Signed-off-by: Douglas Camata <[email protected]>

douglascamata · 2024-02-01T14:44:02Z

After investigating a bunch of different approaches to implement sloppy quorum in Thanos, I learned that the per-series replication makes things difficult.

Unfortunately I will pause my efforts towards this one more time. Let's see if the 3rd time will be the charm. I'm pushing my latest attempt to have it public. 😄

Below you can find a few things I tried and why they failed. Hopefully it can inspire and/or help someone else that want to work or collaborate on this.

Send the request as-is to another hashring member

When I try to send a request that failed to another member of the hashring, it is very likely to already have received part of the series from another replicated request.

Why is it so likely? Due to improvements in spread of data done to all hashring algorithms (ketama and hashmod).

Redistribute the remaining series between hashring members

Has the same problesm as described above.

Redistribute the series to a subslice of the original hashring

In this approach I used a denylist to create subslices of the original hashring where all the members that already received at least one request were ignored.

Very often this results in an empty subslice due to the great spread of data mentioned above.

When it doesn't, it has the same issues as the point above: the new node to get a given set of series very likely already has some series from that request.

Conclusion

Implementing sloppy quorum in Thanos will be a high effort work. It might require that we intercalate some small related features (i.e. allowing forward requests to be retried through configuration) and refactors to get to a point where sloppy quorum can be safely introduced with an implementation that is as simple as we can come up with.

mfoldenyi · 2024-07-04T15:45:45Z

@douglascamata Could you clarify something for me? You mentioned this:

When I try to send a request that failed to another member of the hashring, it is very likely to already have received part of the series from another replicated request.

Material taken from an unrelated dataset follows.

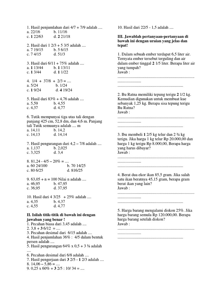 Soal penjumlahan pecahan berbeda penyebut kelas 5 sd disertai pembahasannya. Mengapa jawaban nobita ketika menjawab 2 + (2 x 5) = 12 adalah salah? Download soal sosiologi kelas 12 semester 2 k13.

Could you elaborate why this was a problem? AFAIK this should not be a problem at all.

Assume a situation with 3 receivers with replication factor 3. Any piece of data coming into the system would want to end up on all 3 of these receivers, so regardless which receiver it lands on initially, that receiver will send it off to the other 2, and it will write it down to its own tsdb locally.

If both the other receivers happen to be unavailable long enough to fail all internal retries, the quorum of 2 will not be achieved, and a 5xx response will be returned, which will cause an eventual retry from the client with the exact same data. (or possibly with new data added on top) If in the meantime at least one of the previously unavailable receivers come back up, the retry will be processed appropriately with a 200 response having reached the quorum of 2, despite the data already being (fully or partially) available in the receiver that it processed it on the first try.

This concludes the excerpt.